The Cow by Dariush Mehrjui/ Iran/ 1969/100 min Farsi with English
Subtitles
This highly symbolic Iranian drama (shot in black-and-white) revolves
around the most important figure in a remote rural village. That
figure is the village's sole cow, owned by Mashdi Hassan (Ezat
Entezani). The beginning of the film makes clear just how vital the
cow is to the life of the village and how much Mashdi and his
neighbors cherish it. When the cow is threatened and then killed by
members of a nearby clan, Mashdi becomes so distraught that he is
gradually transformed into a cow himself.
The Cow (Gaw), Dariush Mehrjui/'s second feature brought him national
and international recognition and it is one of the films that
signalled the emergence of Iranian New Cinema. The Cow was among the
very first projects to receives state funding, however, it was banned
by the Shah's censors for the dark images of Iranian rural society.
The film was smuggled to 1971 Venice Film Festival and not officially
in the festival's program and unsubtitled, it turned out to be the
event of festival that year. The Cow received the Critics' Award in
Venice and toured the festival circuit the world over.
Dariush Mehrjui was born on December 8, 1939 in Tehran. As a child,
he was deeply involved in music and painting, playing piano and
santoor and drawing miniatures. In 1959, he left for California to
study cinema with Renoir but then he switched to Philosophy and
graduated from UCLA in 1964 and became one Iran's most influential
directors, with more than 20 films to his credit.
Masters and Masterpieces of Iranian Cinema by Hamid Dabashi/ Mage
Publishers/ 456 Pages/ 2007
The rise of Iranian cinema to world prominence over the last few
decades is one of the most fascinating cultural stories of our time.
There is scarcely an international film festival anywhere that does
not honor the aesthetic and political explorations of Iranian
artists. Masters & Masterpieces of Iranian Cinema celebrates this
remarkable emergence. It focuses on twelve of the most important
Iranian filmmakers of the past half-century—among them, such pioneers
as Forugh Farrokhzad, Dariush Mehrjui, Abbas Kiarostami, and Jafar
Panahi. In his examination of their lives and their greatest works,
Hamid Dabashi explains how, despite the censorship of both the
Pahlavi monarchy and the Islamic Republic, the creativity of these
filmmakers has transcended national and cultural borders. His account
traces the ascendancy of Iranian cinema in modern Iranian
intellectual history and also probes its links to Persian poetry,
fiction, art, and philosophy.
In Europe and in North America, in Asia and in Latin America, in
Australia and Africa, the thematic and narrative richness of Iranian
cinema has met with tremendous acclaim. Indeed, its particular modes
of realism—building on such cinematic antecedents as Italian, French
and German neorealism—have become truly transnational, contributing a
new visual vocabulary to filmmaking everywhere. Masters &
Masterpieces of Iranian Cinema studies the role that prominent film
festivals have played in fostering the global success of Iranian
cinema, and investigates the reception of these films within Iran, an
intriguing story in its own right. This is a book that will reward
not only the scholar and the film aficionado but also anyone
interested in the cultural history of modern Iran.
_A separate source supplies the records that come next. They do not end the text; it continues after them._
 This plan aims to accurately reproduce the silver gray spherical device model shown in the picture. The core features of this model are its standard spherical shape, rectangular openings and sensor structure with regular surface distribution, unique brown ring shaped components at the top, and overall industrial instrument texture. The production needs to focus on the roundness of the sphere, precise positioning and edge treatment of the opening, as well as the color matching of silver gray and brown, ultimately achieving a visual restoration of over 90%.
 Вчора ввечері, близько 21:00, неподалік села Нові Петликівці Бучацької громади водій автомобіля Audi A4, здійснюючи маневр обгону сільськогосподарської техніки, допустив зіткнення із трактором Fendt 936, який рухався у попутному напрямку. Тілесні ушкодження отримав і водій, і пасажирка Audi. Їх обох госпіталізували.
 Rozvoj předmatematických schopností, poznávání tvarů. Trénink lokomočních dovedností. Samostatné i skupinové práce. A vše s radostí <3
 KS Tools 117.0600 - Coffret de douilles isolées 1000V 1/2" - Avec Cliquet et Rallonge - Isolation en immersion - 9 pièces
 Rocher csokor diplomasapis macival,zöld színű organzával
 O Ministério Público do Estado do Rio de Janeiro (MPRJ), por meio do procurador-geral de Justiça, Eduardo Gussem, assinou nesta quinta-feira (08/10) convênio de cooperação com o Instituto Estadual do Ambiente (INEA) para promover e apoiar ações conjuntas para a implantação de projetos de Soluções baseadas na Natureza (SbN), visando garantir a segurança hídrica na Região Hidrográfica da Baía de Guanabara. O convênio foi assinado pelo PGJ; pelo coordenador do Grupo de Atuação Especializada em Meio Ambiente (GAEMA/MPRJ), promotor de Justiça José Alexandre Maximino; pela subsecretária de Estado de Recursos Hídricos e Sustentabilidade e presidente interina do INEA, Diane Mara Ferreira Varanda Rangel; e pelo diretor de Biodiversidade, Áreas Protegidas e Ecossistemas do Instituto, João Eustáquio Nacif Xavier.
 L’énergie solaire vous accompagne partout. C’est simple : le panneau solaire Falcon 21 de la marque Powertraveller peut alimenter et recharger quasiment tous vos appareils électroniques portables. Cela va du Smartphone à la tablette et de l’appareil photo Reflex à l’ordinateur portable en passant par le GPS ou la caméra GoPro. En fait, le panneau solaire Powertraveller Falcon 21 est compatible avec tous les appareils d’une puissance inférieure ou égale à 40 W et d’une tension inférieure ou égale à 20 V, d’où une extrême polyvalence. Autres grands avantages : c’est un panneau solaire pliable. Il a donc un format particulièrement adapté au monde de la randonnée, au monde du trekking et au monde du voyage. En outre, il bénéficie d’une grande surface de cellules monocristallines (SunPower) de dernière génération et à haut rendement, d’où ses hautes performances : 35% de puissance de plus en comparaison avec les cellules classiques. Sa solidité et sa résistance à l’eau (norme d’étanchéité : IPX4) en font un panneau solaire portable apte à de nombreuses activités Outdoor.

Hamid Dabashi is the Hagop Kevorkian Professor of Iranian Studies and
Comparative Literature at Columbia University in New York, the oldest
and most prestigious Chair in Iranian Studies. Professor Dabashi has
written 12 critically acclaimed books, edited 4, and contributed
chapters to many more. He is also the author of over 100 essays,
articles and book reviews in major scholarly and peer reviewed
journals on subjects ranging from Iranian Studies, Shi'ism, Medieval
and Modern Islamic Intellectual History, Comparative Literature,
World Cinema, Trans-aesthetics, Trans-national Art, Philosophy,
Mysticism, Theology, Post-colonial Theory and Cultural Studies.
Reviews:
Iran's cinematic evolution, before and after the revolution of 1979,
is as rich as any country's; however, despite boasting numerous film
awards and international critical acclaim, the country's output
remains relatively unknown—even to cineastes. "What is Iranian
cinema?" is as logical a question as "Why is it underexposed?" This
book by Dabashi (Iranian studies & comparative literature, Columbia
Univ.) takes the form of a letter to a young filmmaker but eschews
the colloquial for a scholarly approach. He chronologically
highlights directors, discussing a key work in each person's oeuvre
and its place in Iranian and world cinema. Dabashi also explores the
development of Iranian cinema objectively and subjectively via the
people who created it, without the need for restrictive answers. He
considers Iranian cinema representative of a living world cinema and
will let "the bored historians of the future worry about its dead
certainties." Given its academic approach, Dabashi's book is highly
recommended for universities, large public libraries, and those with
extensive focuses in film or cultural history."
``
--Library Journal
To anyone with a knowledge of Iranian cinema, the 12 film-makers
covered here will come as no surprise, with perhaps only Ebrahim
Golestan, Arby Ovanessian and Bahman Famanara unfamiliar in the west.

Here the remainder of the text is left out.